While conventional proteomic profiling techniques have focused on monitoring system-wide protein expression levels, directly assessing the functional state of proteins in a living organism requires alternative profiling methods that measure enzymatic activity because this activity is closely correlated with protein function. Small-molecule probes have been extensively used during biological study. Unlike molecular biology-based methods, such as RNAi or antibody-based probes, small molecules often lack specificity. However, the interaction partners of small molecules are not random. Instead, the structure and functional groups are recognized by specific proteins with similarities at any sequence level, 3D structure, enzyme intermediates, etc (21,22). To capitalize on the properties of small molecules, Cravatt and Sorensen proposed and demonstrated activity-based protein profiling (ABPP) (23-25). ABPP is a chemical proteomic strategy that utilizes small-molecule probes to form covalent bonds at the active site of an enzyme and profile the functional state of the intact enzyme. Several excellent reviews have described this principle and the early work (26-28). In this review, we will focus on the development of strategies for activity-based probe (ABP) and will highlight recent progress.

 

STRATEGIES FOR DESIGNING ACTIVITY-BASED PROBE (ABP)

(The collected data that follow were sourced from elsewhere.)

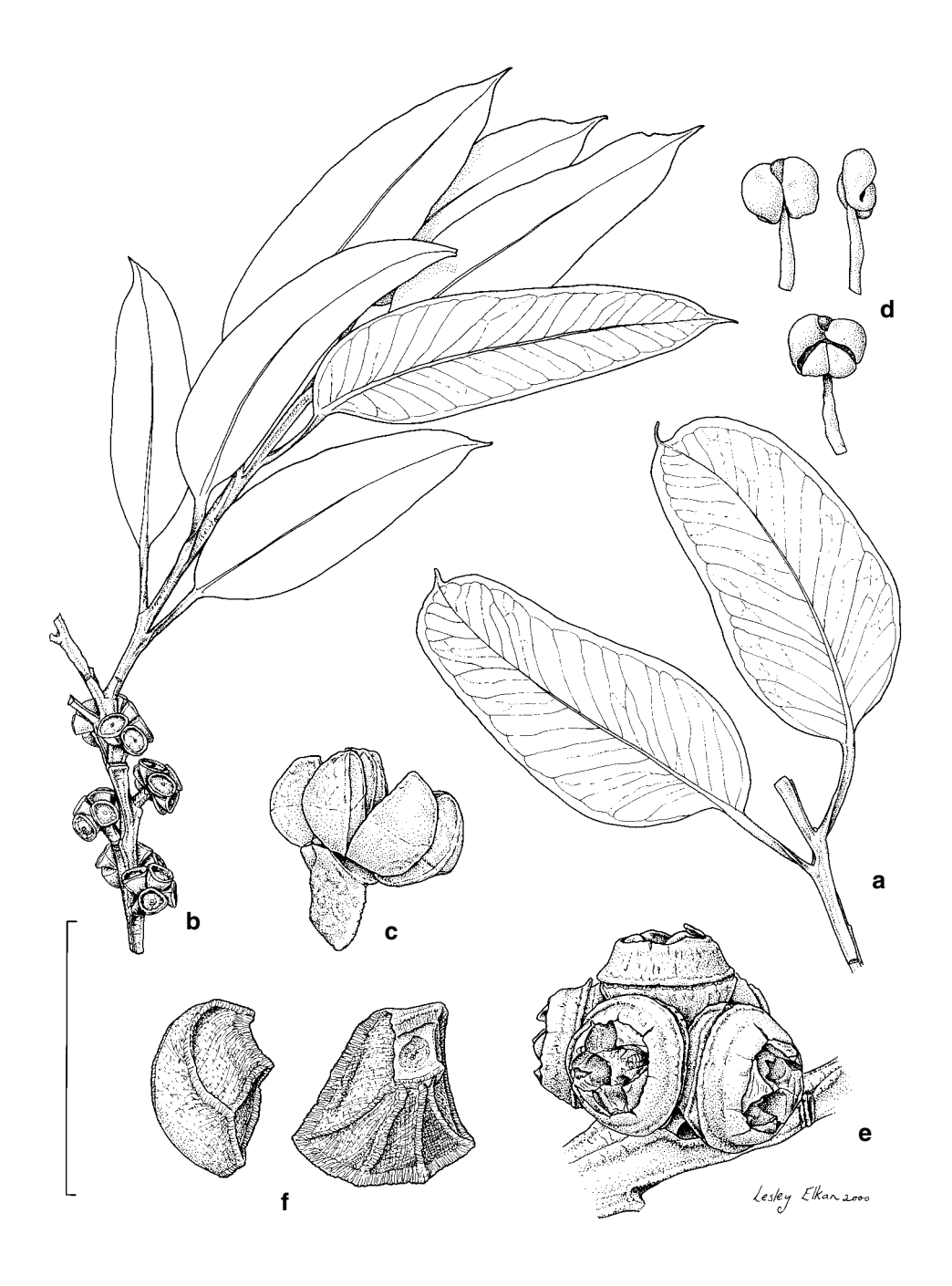
Fig. 1. E. boliviana. a, Juvenile leaves. b, adult leaves and inflorescences. c, inflorescence and buds. d, anther. e, inflorescence and fruit. f, seed. (from Williams 99187 & Clarke ). Scale bar: a, b = 8 cm, c = 2 cm, d = 2.5 mm, e = 3 cm, f = 4 mm.
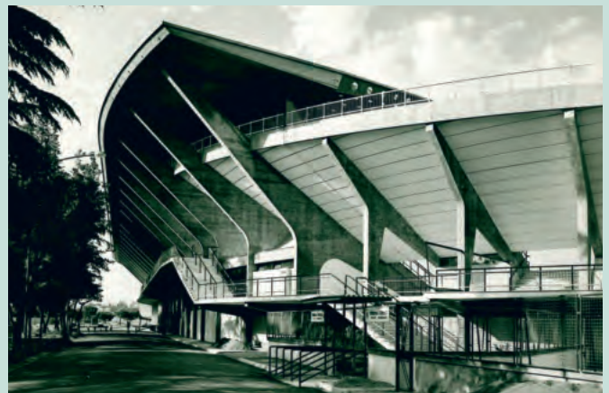
Stadio Flaminio Università degli Studi di Roma "La Sapienza" Pier Luigi Nervi Rome, Italy 1960
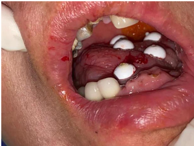
Figure 2. The used catheters.

evaluated by observing the three-dimensional dose distribution in the dose-volume histogram. Based on the dose-volume histogram information, the treatment plan was optimized to deliver the prescribed dose (minimum peripheral dose) to cover at least 95% of the clinical target volume (PTV). In contrast, the mandibular dose was kept as low as possible to minimize the risks of radio-osteosclerosis.
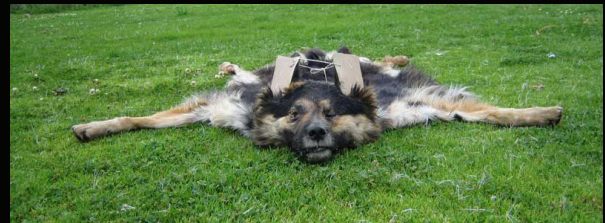
DOG CARPETS (2007)
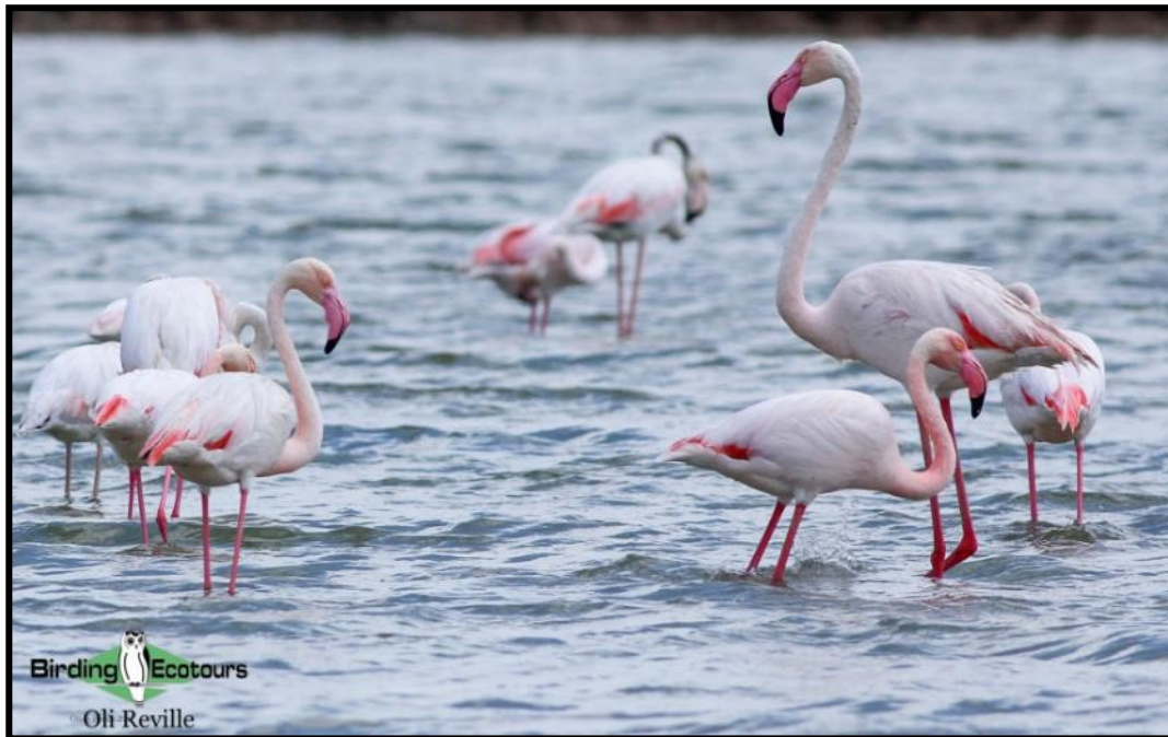
Greece holds a healthy population of the gorgeous Greater Flamingo .

The lake itself also holds high numbers of wintering waterbirds and wildfowl, including Great White Pelican , White Stork , Great (White) Egret , Eurasian Spoonbill , Great Cormorant , Greater Flamingo , Common Pochard , Ferruginous Duck , Great Crested Grebe , Black-headed Gull , Glossy Ibis , and the Vulnerable ( BirdLife International ) Lesser White-fronted Goose – this species is, unfortunately, in rapid decline.
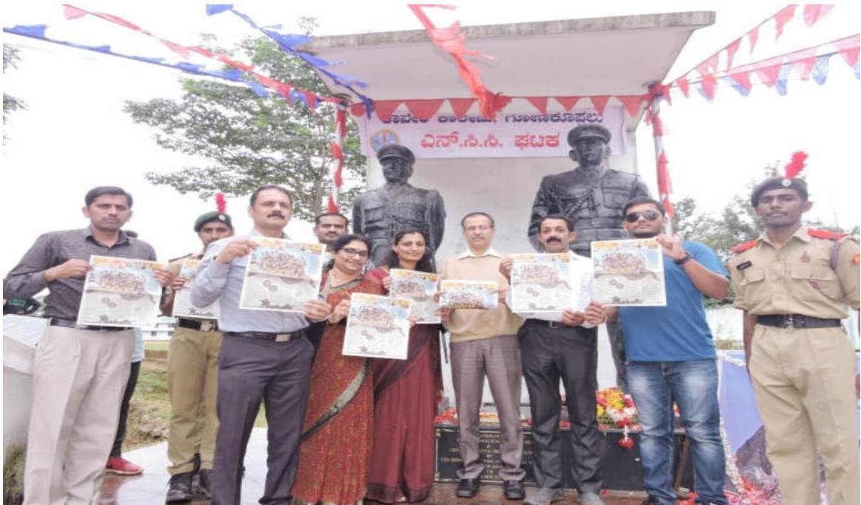
PRESS RELEASE OF "KARGIL VIJAY DIWAS" SPECIAL NEWSPAPER 27/07/2019.

ABPs are small-molecule probes that make covalent bonds to target proteins and are employed by means of visualization or enrichment. Since the first rationally designed ABP was reported (29), various functional groups have been exploited to modulate target enzyme classes, generating several categories (27,30). Here, we classify three ABP designing strategies (Fig. 1).

Fig. 1.Three strategies to design activity-based probes and general workflow of activity-based protein profiling.

Enzymatic intermediate inspired ABP development

ABPs inspired by mechanistic intermediates of enzyme have been extensively studied. This type of ABP utilizes electrophilic functional groups and targets the active-site or an adjacent nucleophilic residue within the reaction pocket. Depending on the catalytic reaction of each enzyme, the nucleophilicity of the active-site residues are usually conserved. Accordingly, early efforts focused on assessing the nucleophilicity for numerous enzyme classes. Various functional groups, including bromo/chloro-acetamide, epoxide, electrophilic ketone, fluorophosphonate, phosphonate, 5'-p-fluorosulfonylbenzoyl, and vinyl-sulfone groups, have been used for enzyme superclass-specific ABPs. Representative ABPs are listed in Table 1.

Table 1.ABPs for specific enzyme class

Hydrolases compose a large class of enzyme, comprising almost 1% of mammalian genomes while participating in numerous physiological processes (31). These enzymes mediate substrate hydrolysis reactions via base-activated serine/cysteine nucleophiles. With an intermediate step from this mechanism, the Cravatt group prepared a series of ABP containing fluorophosphonates (FP) and demonstrated their use for visualizing enzymatic activity (29). Notably, ABP can discriminate between the active and inactive forms of serine hydrolase instead of the total content. In addition, FP-based ABP selectively labeled material in a complex proteome mixture. Several irregularities have persisted, including proteases that exhibit low labeling efficiency. Alternative chemical probes based on peptidic arylphosphonates show enhanced labeling efficiency and alternative target engagements (32).

Kinases are enzymes that mediate phosphate transfer, making them key therapeutic targets; profiling their activity is gaining a crucial role during drug discovery. More than 518 kinases have been reported, consisting of 134 families (33). However, all kinases share a common substrate: adenosine triphosphate (ATP). While the protein kinase superfamily has a conserved ATP binding pocket, developing an ABP for kinases remains challenging due to the lack of nucleophilic residues near the active site. Instead of engaging a precise active site residue, researchers from GlaxoSmithKline and ActiveX Bioscience designed ABP for kinases that target a conserved adjacent lysine residue located within the ATP binding pocket (34,35). One example uses an acyl phosphate functional group, and they demonstrated that it could target at least 75% of known human kinases in a single experiment. These results revealed the power of ABPP compared with conventional antibody-based kinase activity measurements, but a few shortcomings remain. First, kinase ABPs do not use an enzymatic substrate, in contrast to an ideal ABPP process. Therefore, kinase ABPs suffer from diverse cross-reactivity with other proteomic nucleophiles. Efforts to generate a direct kinase substrate ABP were reported recently, but that ABP was far more specific for histidine kinase due to the intrinsic auto-phosphorylation reaction of histidine kinase (36). Second, these methods showed relatively low affinity for the ATP binding site. Generally applicable kinase ABPs are needed for proteome-wide kinase activity profiling.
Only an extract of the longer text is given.